◆ **Task objective**
Please return, exactly and only, the lines beginning at the top of the entries below and ending with the line containing "MAKE: HYUN ||"; keep out the pictures.

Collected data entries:
+ + + +

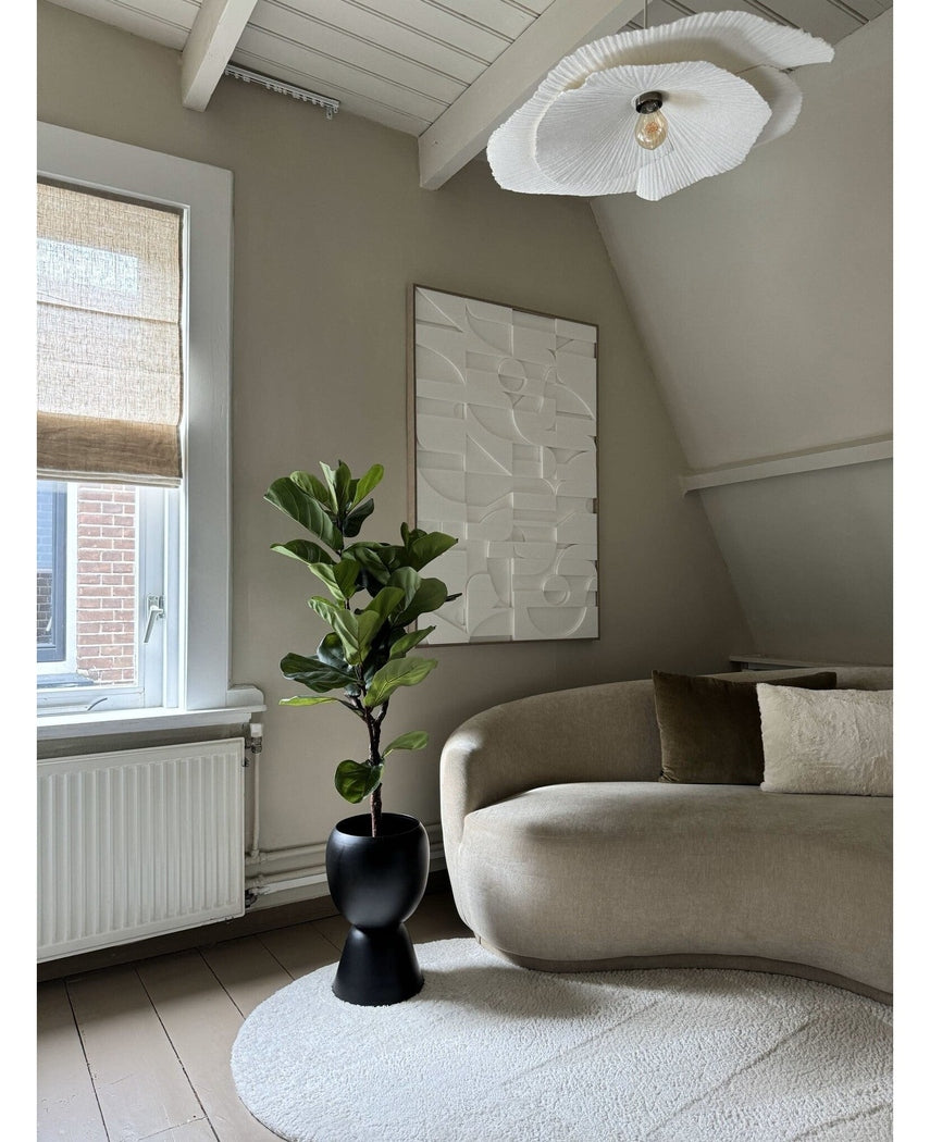 Vår kunstige fiolinfiken her er 125cm, dette passer utmerket i hjemmet, på kontoret eller i restauranten. Det er veldig naturtro med sine store grønne blader i enestående kvalitet og med en naturlig stamme. Dette sammen gjør at dette kunstige treet er en stor favoritt blant våre kunder. Planten har fått navnet sitt fra de fiolinformede bladene. Vår falske fiolinfiken har en rik og frisk grønnfarge. Denne er det perfekte valget, den vil passe inn der du setter den og den vil løfte rommet den står i.
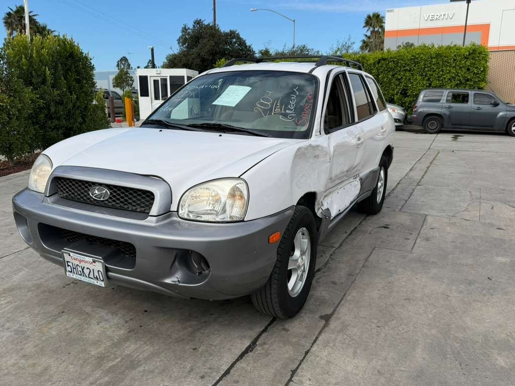 MAKE: HYUN || MODEL: SANTA FE || YEAR: 2004 || TITLE: T-DON - SMOG || VIN: KM8SB12B14U668813 || MILES: 099374 || ENGINE: 4 CYL / 2.4 L || COLOR: WHITE || KEYS: Yes || *Green Light
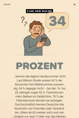 ... kennen die eigene Handynummer nicht. Laut Bitkom-Studie wissen 64 % der Deutschen ihre Mobilnummer auswendig, 34 % dagegen nicht – bei den 16- bis 29-Jährigen sogar 42 %. Festnetznummern bleiben im Gedächtnis: 76 % der Festnetznutzer können sie aufsagen. Durchschnittlich kennen Deutsche drei Nummern von Freunden oder Verwandten. Ältere ab 65 merken sich rund vier, Jüngere nur zwei. Früher war das Merken selbstverständlich – heute übernehmen Kontaktlisten im Smartphone. In Notfällen kann Kopfwissen aber Gold wert sein.
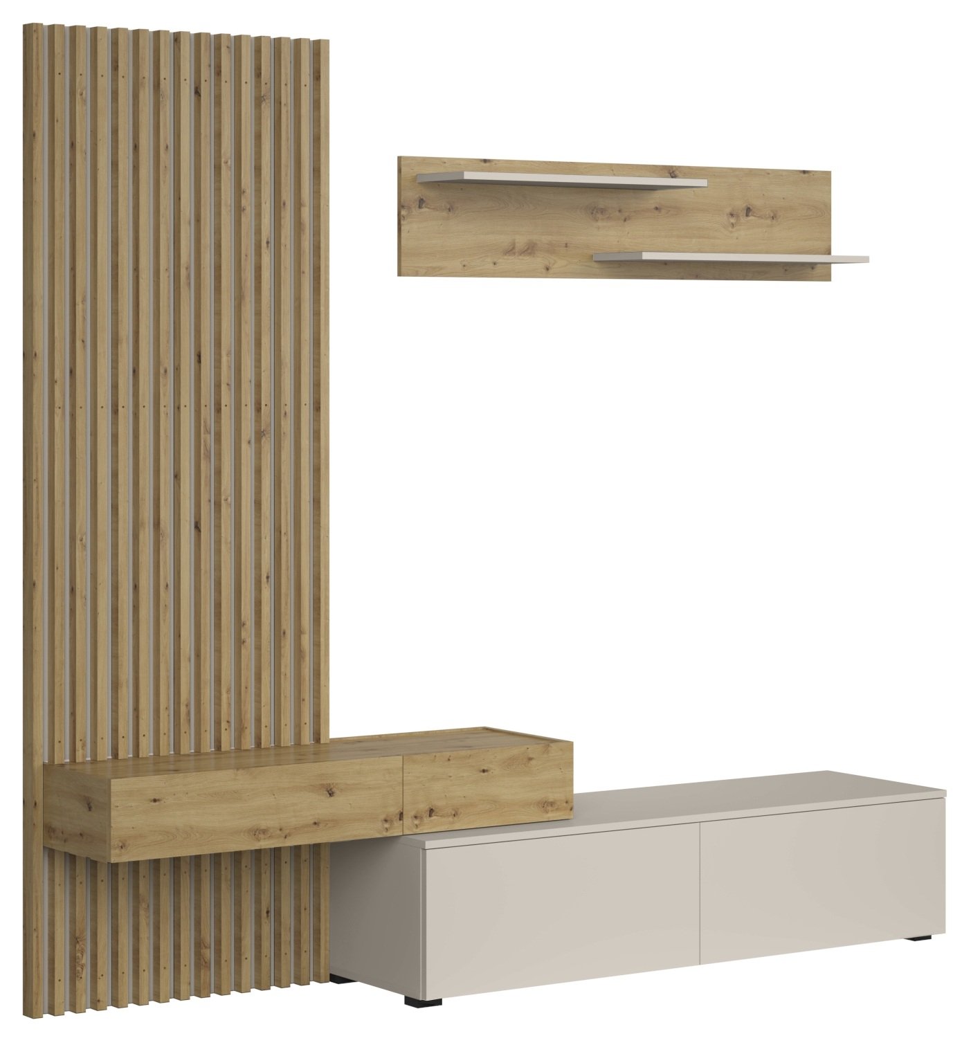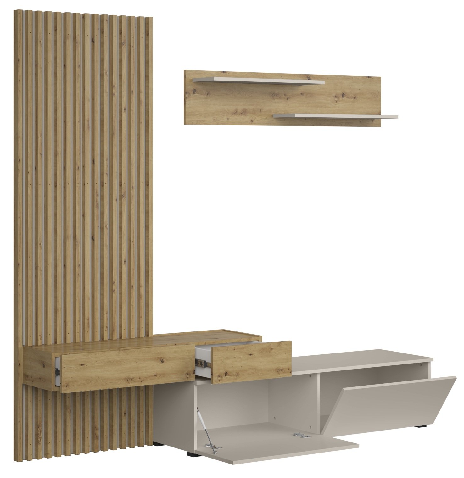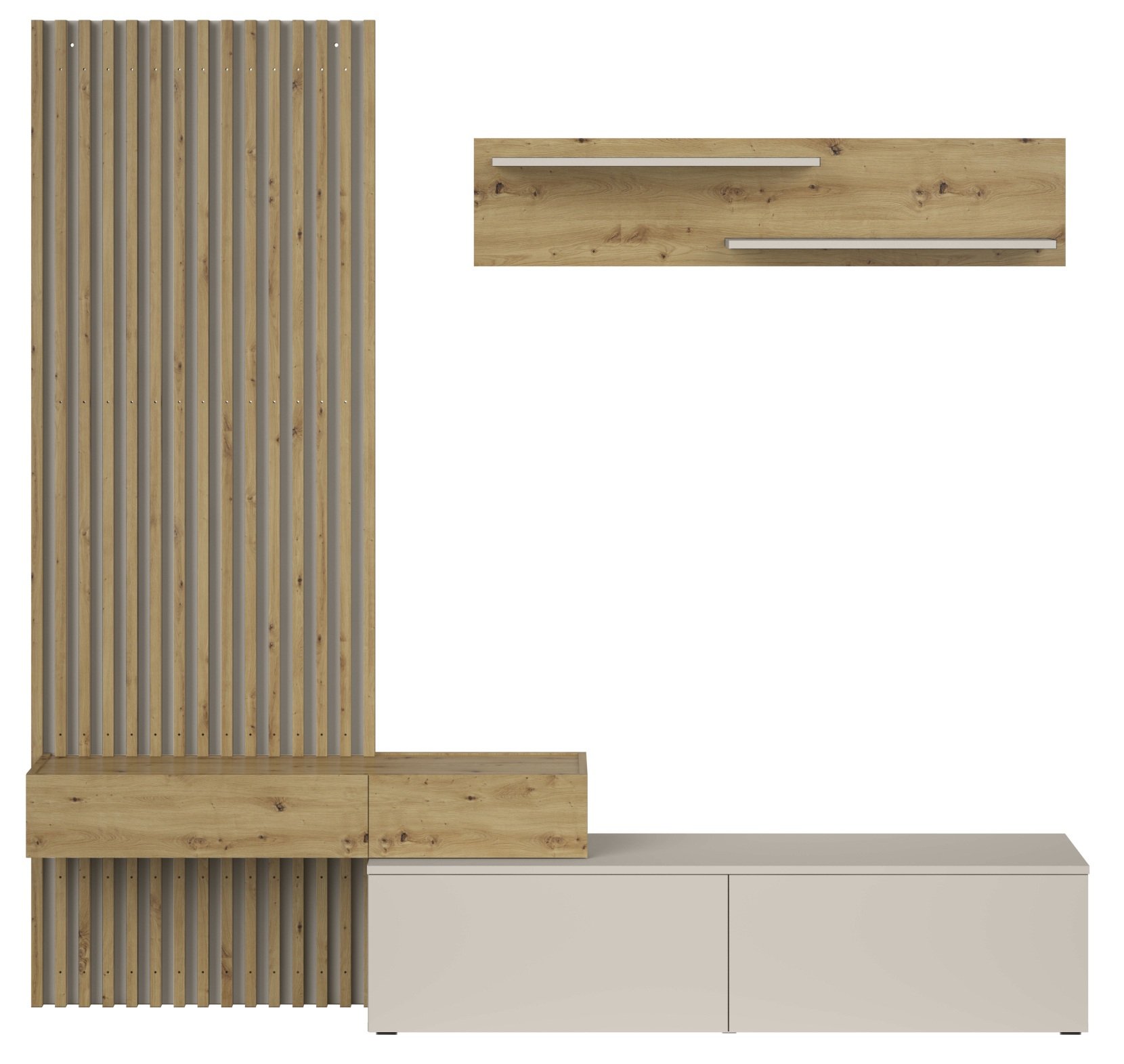 Linija Camino odlikuje se uravnoteženim odnosom između topline drva i modernog dodira boje kašmira. Hrast artisan sa svojom izraženom teksturom drva daje regalu prirodan izgled, dok kašmir dodaje nježnu eleganciju. Kombinacija boja omogućuje da se regal lijepo uklopi s različitim stilovima unutarnjeg uređenja – od skandinavske jednostavnosti do suvremene urbanosti. Čiste ravne linije bez nepotrebnih detalja stvaraju osjećaj prostranosti i reda.
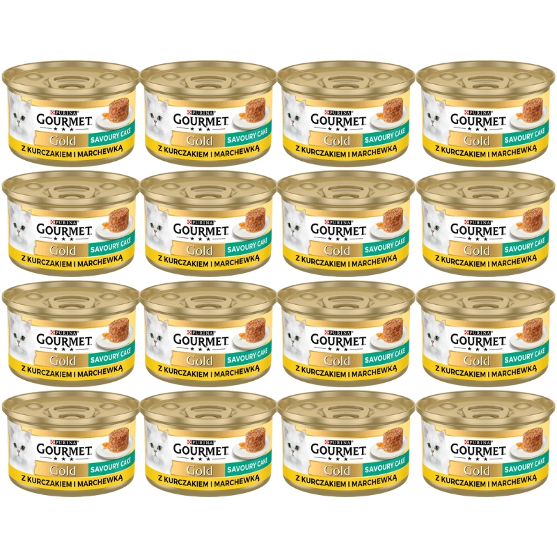 - 48x Purina Gourmet Gold Savoury Cake z kurczakiem i marchewką 85gCena: 3,49 zł / szt.
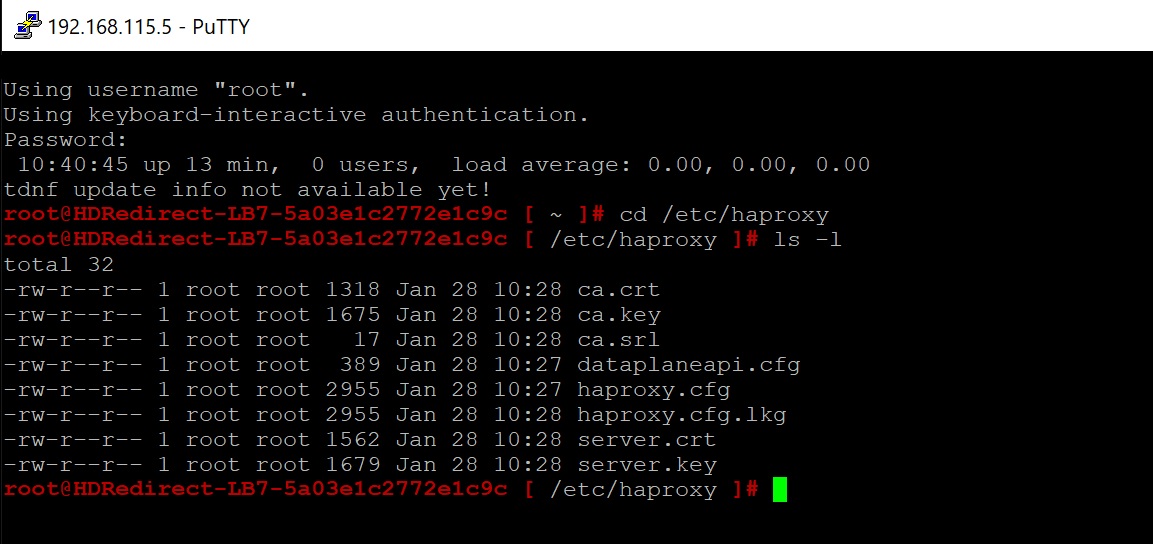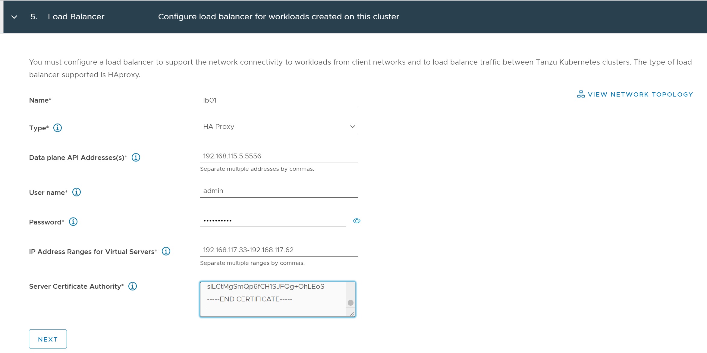 The next setup screen we configure the load balancer, we need the haproxy certificate which you can find in the below directory on the haproxy server, cat the ca.crt file

+ + + +

◆ **Answer to this problem**
 Vår kunstige fiolinfiken her er 125cm, dette passer utmerket i hjemmet, på kontoret eller i restauranten. Det er veldig naturtro med sine store grønne blader i enestående kvalitet og med en naturlig stamme. Dette sammen gjør at dette kunstige treet er en stor favoritt blant våre kunder. Planten har fått navnet sitt fra de fiolinformede bladene. Vår falske fiolinfiken har en rik og frisk grønnfarge. Denne er det perfekte valget, den vil passe inn der du setter den og den vil løfte rommet den står i.
 MAKE: HYUN || MODEL: SANTA FE || YEAR: 2004 || TITLE: T-DON - SMOG || VIN: KM8SB12B14U668813 || MILES: 099374 || ENGINE: 4 CYL / 2.4 L || COLOR: WHITE || KEYS: Yes || *Green Light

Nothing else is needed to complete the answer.